[Extracted records]
·····
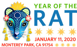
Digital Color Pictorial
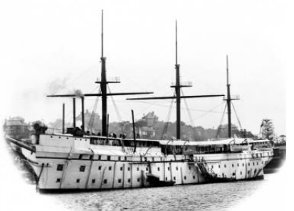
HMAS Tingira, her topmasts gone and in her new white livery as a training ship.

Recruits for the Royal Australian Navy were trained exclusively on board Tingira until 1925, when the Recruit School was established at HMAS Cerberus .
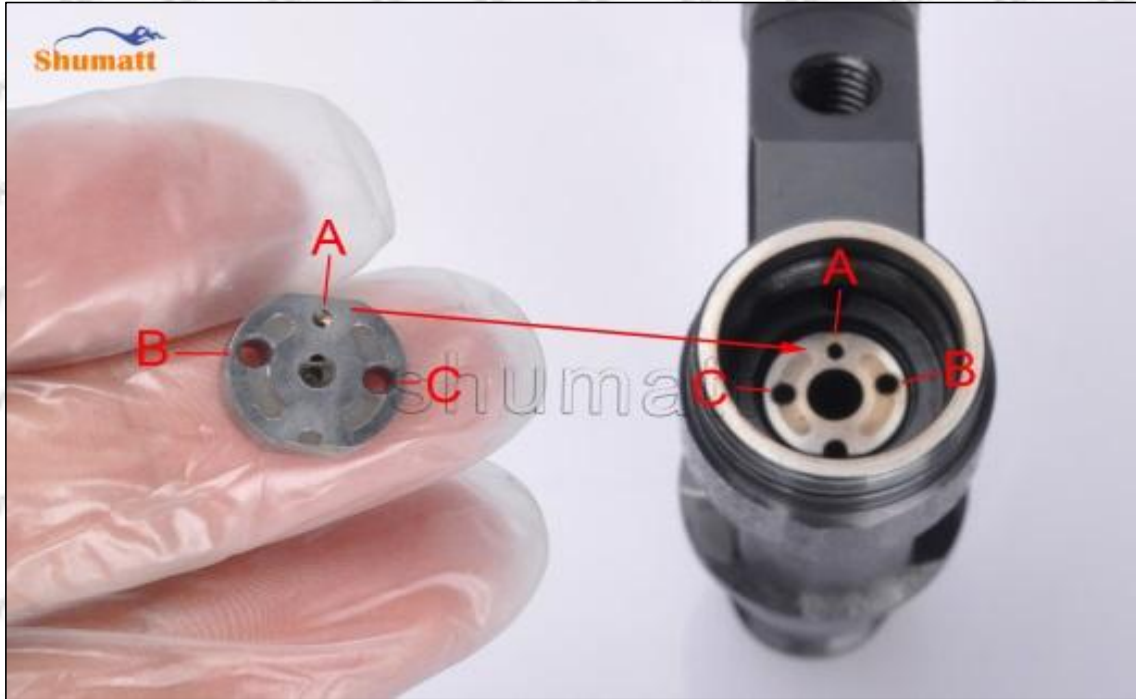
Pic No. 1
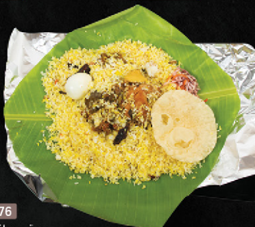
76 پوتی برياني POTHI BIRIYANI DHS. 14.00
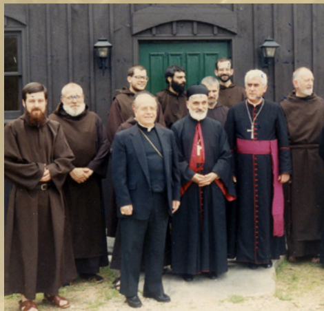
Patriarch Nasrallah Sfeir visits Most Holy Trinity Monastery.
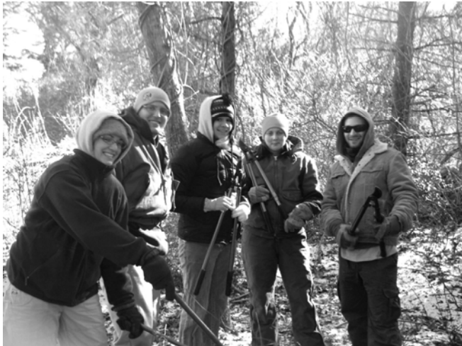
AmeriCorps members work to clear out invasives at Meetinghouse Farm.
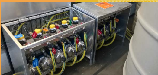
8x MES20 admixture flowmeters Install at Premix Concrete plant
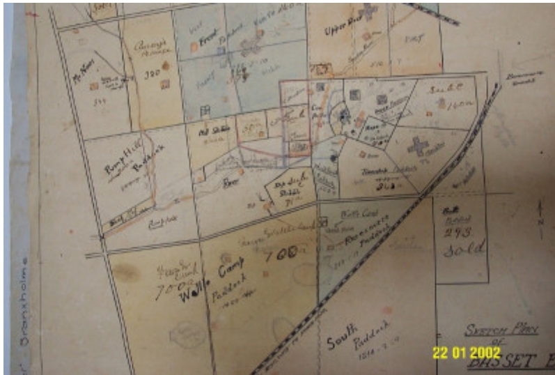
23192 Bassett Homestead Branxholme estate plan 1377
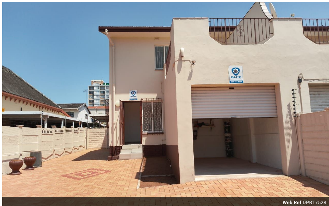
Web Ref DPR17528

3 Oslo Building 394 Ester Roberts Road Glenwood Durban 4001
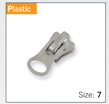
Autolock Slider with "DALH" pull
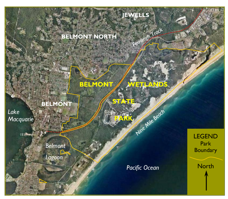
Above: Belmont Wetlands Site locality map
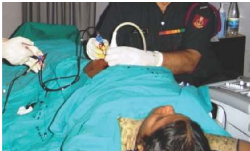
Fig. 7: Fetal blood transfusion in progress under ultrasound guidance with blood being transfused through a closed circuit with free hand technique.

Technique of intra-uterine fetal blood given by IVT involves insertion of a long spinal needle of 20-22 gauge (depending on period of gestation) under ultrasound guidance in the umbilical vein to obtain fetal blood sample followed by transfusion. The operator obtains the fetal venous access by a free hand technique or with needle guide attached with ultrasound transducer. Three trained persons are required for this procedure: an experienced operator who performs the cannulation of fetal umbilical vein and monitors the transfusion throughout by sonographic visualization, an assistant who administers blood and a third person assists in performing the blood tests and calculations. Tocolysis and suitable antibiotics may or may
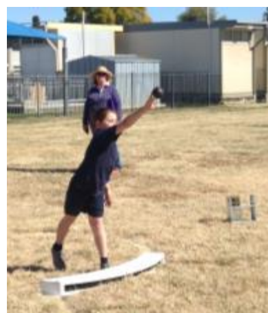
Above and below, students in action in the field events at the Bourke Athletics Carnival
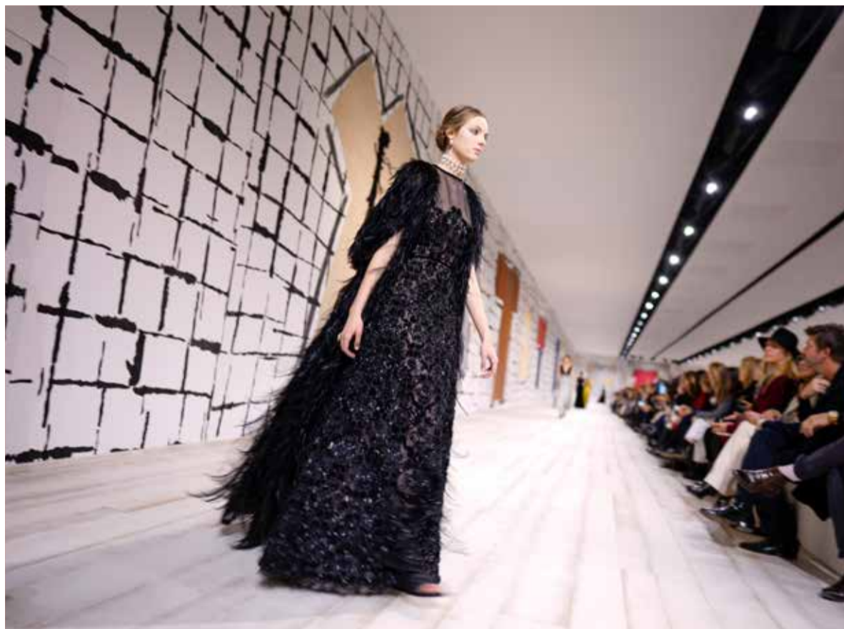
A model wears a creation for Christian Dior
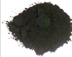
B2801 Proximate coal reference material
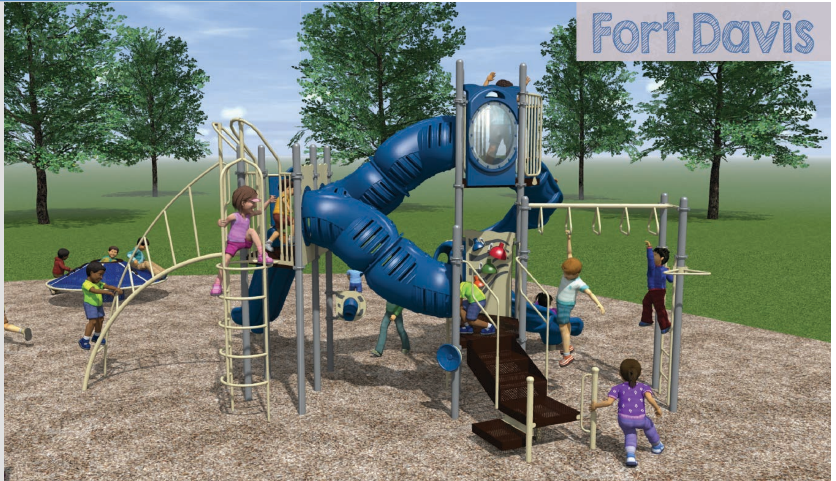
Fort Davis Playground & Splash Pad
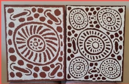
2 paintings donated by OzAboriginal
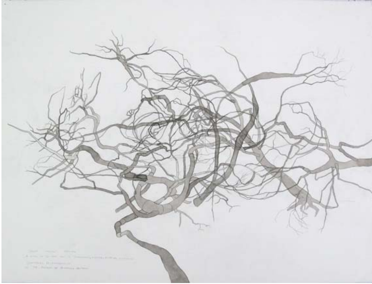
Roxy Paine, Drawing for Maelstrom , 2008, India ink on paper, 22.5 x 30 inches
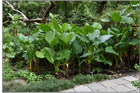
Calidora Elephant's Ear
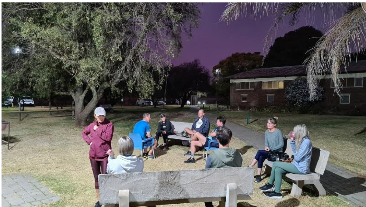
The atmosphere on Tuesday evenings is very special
·····
__Work instructions__. The range to copy runs from the line with "Above and below, students" to the last line of the entries, both included; copy it exactly and leave out the pictures.

__Task output__.
Above and below, students in action in the field events at the Bourke Athletics Carnival
A model wears a creation for Christian Dior
B2801 Proximate coal reference material
Fort Davis Playground & Splash Pad
2 paintings donated by OzAboriginal
Roxy Paine, Drawing for Maelstrom , 2008, India ink on paper, 22.5 x 30 inches
Calidora Elephant's Ear
The atmosphere on Tuesday evenings is very special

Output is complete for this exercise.